【8月24日 AFP】米玩具大手ハスブロ(Hasbro)の電子ペット「ファービー(Furby)」からファストフード大手マクドナルド(McDonald's)の「グリマス(Grimace)」まで──。このところ、数十年前に人気になったキャラクターを再起用し消費者の懐かしさに訴える「ブランド復活」戦略に改めて乗り出す企業が増えている。

 マクドナルドは直近の四半期決算で、ずんぐりした紫色のグリマスが予想を上回る利益の源泉となったと明かした。

 グリマスは1970年代にマックシェイクのイメージキャラクターとして初登場した。
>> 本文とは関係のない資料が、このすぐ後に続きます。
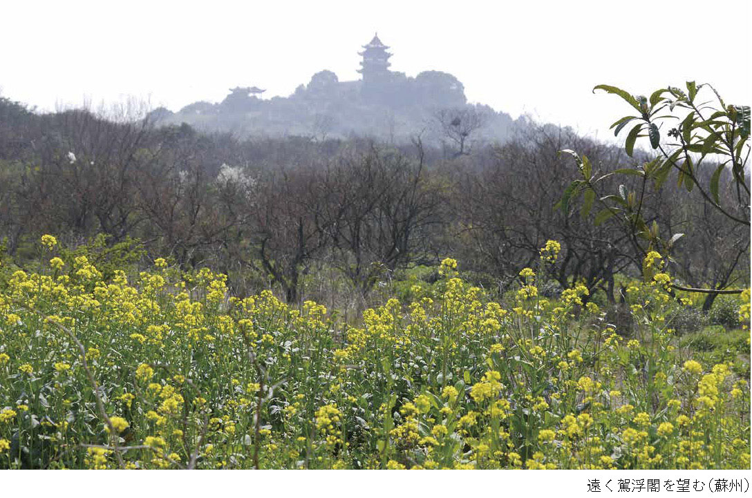 「水を渡り」「花を看る」を重ねて繰り返す表現から、川沿いの路を足の向くまま気の向くまま、寄り道をしながら歩いているようすがうかがえます。高啓は水の都として知られる蘇州の人です。むかし蘇州城内は水路と陸路が縦横に走っていました。城内の移動には舟を利用することもありました。郊外に出れば広々とした平野に大小の川が流れ、湖や沼があり、春の日ざしに輝いていたことでしょう。春の先駆けには梅の花、やがて桃の花や海棠の花が咲き、杏子、梨、菜の花などが咲きます。花のまわりには蝶が舞い蜂も飛んでいます。高い木の上にはカササギが大きな巣を作り、あちらこちらから鳥の美しい鳴き声が聞こえてきます。詩の前半はわずか十文字ですが、繰り返しの素朴な表現から、江南の春の美しい風景が浮かんできます。

このグリマスをモチーフにした紫色のベリー味シェイクを期間限定で販売したところ、ソーシャルメディアで話題となり、売上増に貢献した。

 先月、マクドナルドのクリス・ケンプチンスキー(Chris Kempczinski)最高経営責任者(CEO)は「グリマスはここ数か月、至る所で話題になり、ニュースでも取り上げられ、ティックトック(TikTok)での動画再生回数は30億回を超えた」と述べた。

 消費者インサイト企業GWIのトレンドマネージャー、マット・スミス(Matt Smith)氏は、「ネット上で注目されただけでなく、店頭でこのシェイクや他の商品を買うきっかけをつくった」と述べ、相乗効果で好調な売上につながったと分析した。

 調査会社グローバルデータ・リテール(GlobalData Retail)のニール・サンダース(Neil Saunders)氏は、グリマスのような人気キャラクターはTシャツなどの絵柄にもなりやすく、そのように利用されれば「マクドナルドにとって実質無料の広告になる」と述べた。

■過去が持つ「安らぎ」

 この種のリバイバルは、マーケティングの世界では「ブランド復活」と呼ばれる。

「消費者に、若かりし頃、古き良き時代を思い出させる」点がポイントだと、米ウースター工科大学(Worcester Polytechnic Institute)のマーケティング学教授プルビ・シャー(Purvi Shah)氏は説明する。

 また、こうした商品は「若かった時には買えなかった物を食べたり、楽しんだりする機会」を与えてくれるため、親子で楽しさを共有することもできる。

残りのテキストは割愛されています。